In wide-ranging comments that underlined sharp policy differences between Paris and Berlin on the response to the debt crisis, Mr Hollande rejected the idea, broached by Germany, of tighter political integration through a new EU treaty. “If I remember correctly, we tried that formula in 2005 and it didn’t produce the results we were hoping for,” he said, referring to the ill-fated European constitution, which the French rejected in a referendum.

“Before launching into institutional mechanics, Europeans must know what they want to do together. The content is more important than the framework.”

Mr Hollande suggested any new political structures could wait until after the European Parliament elections in 2014 – a longer timeframe than envisaged by Germany.
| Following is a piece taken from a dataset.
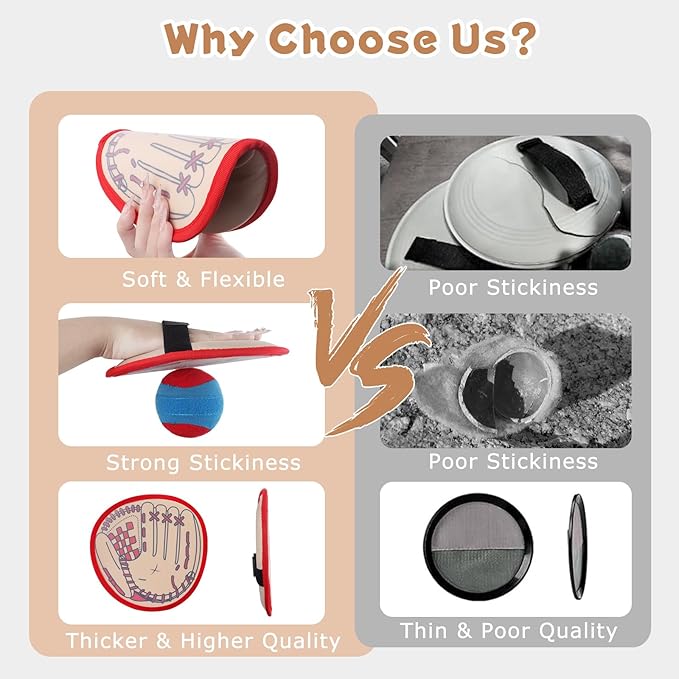 - Outdoor Games for Family - This catching balls set contains 4 paddles and 4 sticky balls. The four-pack set is perfect for the whole family or kids to play toss and catch games together when doing outdoor activities and sports.

With Dr Merkel facing an election campaign next year, Mr Hollande said domestic political considerations should not get in the way of solving the crisis. The chancellor was “very sensitive to questions of internal politics and to the demands of her parliament. I understand that. All of us are. We all have our public opinion, our democratic debates. But our common responsibility is to put Europe’s interests first.”

The president was upbeat about the euro’s overall prospects, saying the end of the crisis was “very, very near”. But he challenged the notion Germany was the only state having to pay out to keep the currency intact. “We’re all taking part in this solidarity. The French, the Germans, just like all the Europeans in the ESM. Let’s stop thinking that there’s only one country who’s going to pay for the others. That’s false.

“However, I know the sensitivity of our German friends to the problem of supervision. Whoever pays should control, whoever pays should sanction. I agree. But budgetary union should be completed by a partial mutualisation of debts through eurobonds.”